More recently, for the three-month period ending March 31, revenues were $1.25 billion, compared with $930 million during 2020’s first quarter. The company logged nearly $78 million in profits, compared with a loss of $590 million a year earlier as a result.
“[Under Armour’s] demand should benefit from the current trifecta of stimulus, vaccines and light industry-wide inventory and although we wonder how large Under Armour’s long-term revenues should be (we learned last year, less can be more), we believe margin growth is very real and sustainable,” Simeon Siegel, managing director and senior retail analyst at BMO Capital Markets, wrote in a note.

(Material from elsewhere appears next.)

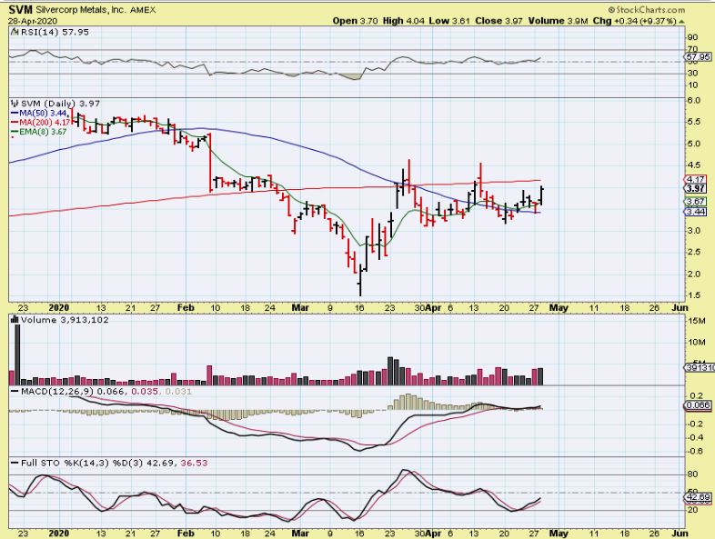 SVM – This sideways consolidation looks constructive. Price is above the 50 sma and the 200sma is overhead resistance, but that can easily be broken after a 1 month consolidation. This looks like a laggard, right? It is not near former highs yet. Well it ran up 200% in 8 days off of that low ($1.50-$4.50). This should run to $6 in time.

The company ended the quarter with $1.3 billion in cash and cash equivalents, more than $1 billion in long-term debt and 426 stores.
The results come just a day after Under Armour agreed to pay $9 million to settle a Wells Notice from the U.S. Securities and Exchange Commission, recommending legal actions be taken against them for violating certain federal securities laws.
The original notice was handed down to the company, along with two of its top executives — one of them founder Kevin Plank, along with Bergman — last July.
The Wells Notices — which are not formal charges or determinations by the SEC — stemmed from disclosures Under Armour made between the third quarter in 2015 and Dec. 31, 2016.
Plank and Bergman received the Wells Notices for allegedly pulling forward sales, or using customer sales earlier than anticipated, in the amount of some $408 million that were meant to be shipped later in an effort to boost revenues during the quarter.
Shares of Under Armour are up about 149 percent, year-over-year.